Ramdat Misier Nawin L, Kharbanda Rohit K, van Schaagen Frank R N, de Groot Natasja M S
Department of Cardiology, Erasmus Medical Center, Doctor Molewaterplein 40, 3015 GD Rotterdam, the Netherlands.
Department of Cardiothoracic Surgery, Erasmus Medical Center, Doctor Molewaterplein 40, 3015 GD Rotterdam, the Netherlands.
Eur Heart J Case Rep. 2023 Jan 3;7(1):ytac494. doi: 10.1093/ehjcr/ytac494. eCollection 2023 Jan.
Although peri-device leakage is frequently observed after left atrial appendage occlusion (LAAO), there is no consensus on the optimal management strategy. It is unknown whether additional plugging should be preferred over surgical exclusion of the LAA, as experience with additional plugging is limited.
In this case report, we demonstrate the clinical implications of additional plugging and surgical exclusion in a 65-year-old male patient with peri-device leakage and recurrent thromboembolic events. After the recurrence of paroxysmal atrial fibrillation (AF) and a transient ischaemic attack despite adequate anticoagulation, the patient was opted for re-do pulmonary vein isolation and LAAO with a Watchman device. Due to multiple ischaemic strokes and recurrent AF in combination with significant peri-device leakage, additional plugging with a second device was performed. Post-procedurally, the patient had another ischaemic stroke and persisting peri-device leakage was observed during follow-up. Due to progressive symptoms of AF and patient's preference to discontinue DOAC, he underwent a Cox MAZE IV procedure, including amputation of the LAA with both devices. Within six months after surgery, the patient experienced two more ischaemic events. In the following two years, the patient remained free of any cerebrovascular accidents or recurrence of AF.

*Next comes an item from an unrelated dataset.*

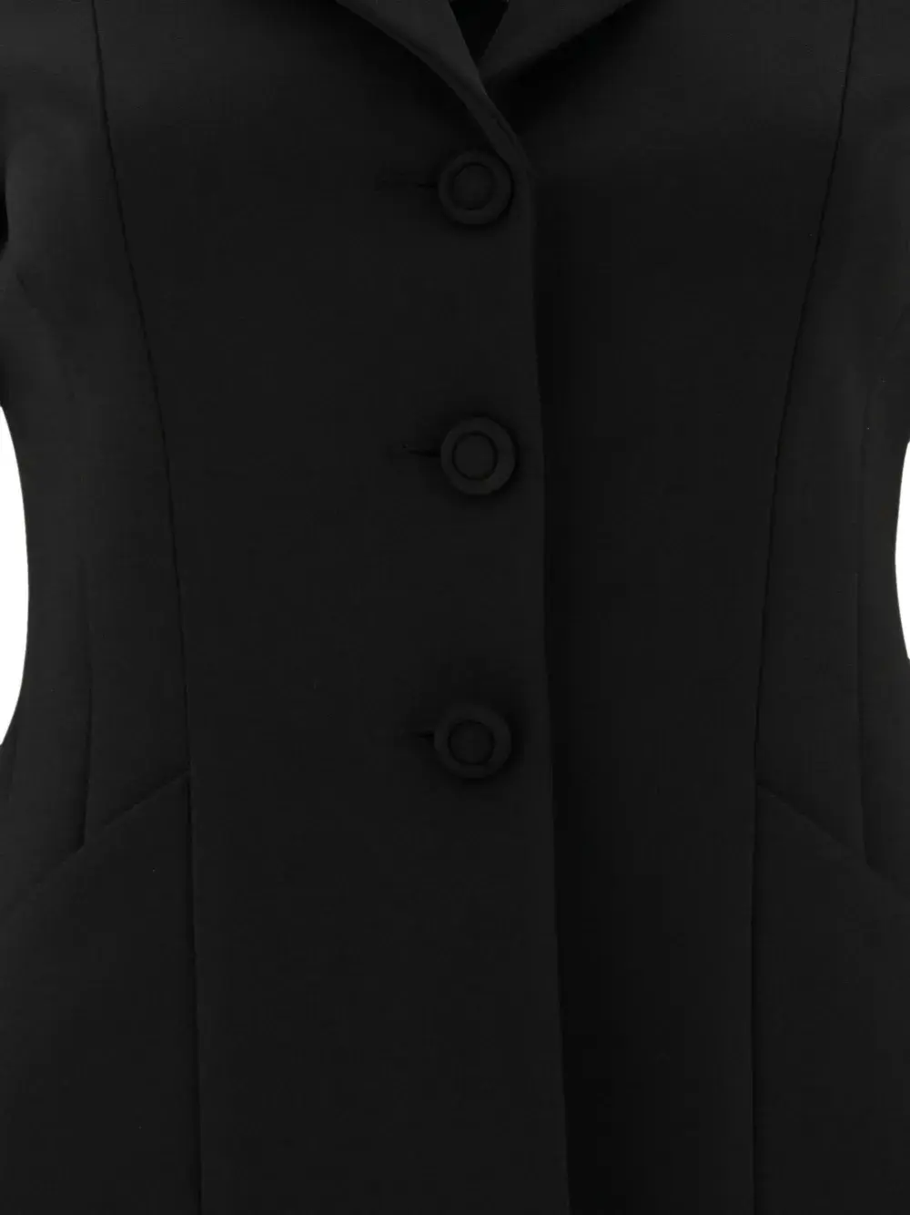 Черный пиджак с заостренными лацканами, тремя пуговицами, длинными рукавами, приталенным силуэтом, боковыми карманами.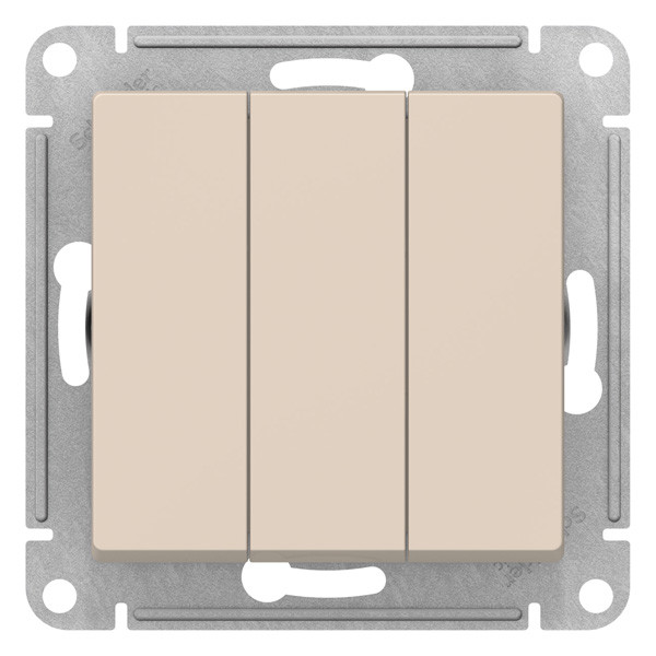 Механизм коллекции AtlasDesign в бежевом исполнении выключателя 3-клавишного Применим для подключения к сетям 250 В с номинальным током 10 А.. - Трёхклавишный выключатель позволяет управлять тремя источниками света из одной точки. - Лицевые панели из качественного ABS-пластика, устойчивого к царапинам и УФ-излучению. - Усиленные прямые монтажные лапки для лучшей фиксации механизма в монтажной коробке.

Additional plugging of peri-device leakage is not always successful in stroke prevention. In combination with recurrent AF, progressive symptoms, contraindication for oral anticoagulation, and patient's preference, surgical LAA exclusion could be preferred over additional plugging.
尽管在左心耳封堵术(LAAO)后经常观察到装置周围渗漏,但对于最佳管理策略尚无共识。由于额外封堵的经验有限,额外封堵是否应优于手术切除左心耳尚不清楚。
在本病例报告中,我们展示了在一名65岁男性患者中,额外封堵和手术切除对装置周围渗漏和复发性血栓栓塞事件的临床意义。尽管进行了充分的抗凝治疗,但患者仍出现阵发性心房颤动(AF)复发和短暂性脑缺血发作,因此选择再次进行肺静脉隔离术和使用Watchman装置进行LAAO。由于多次缺血性中风、复发性AF以及严重的装置周围渗漏相结合,遂使用第二个装置进行额外封堵。术后,患者又发生了一次缺血性中风,随访期间观察到装置周围渗漏持续存在。由于AF症状逐渐加重且患者倾向于停用直接口服抗凝剂(DOAC),他接受了Cox迷宫IV手术,包括切除带有两个装置的左心耳。术后六个月内,患者又经历了两次缺血性事件。在接下来的两年里,患者未再发生任何脑血管意外或AF复发。
额外封堵装置周围渗漏在预防中风方面并不总是成功的。结合复发性AF、症状逐渐加重、口服抗凝的禁忌症以及患者的偏好,手术切除左心耳可能优于额外封堵。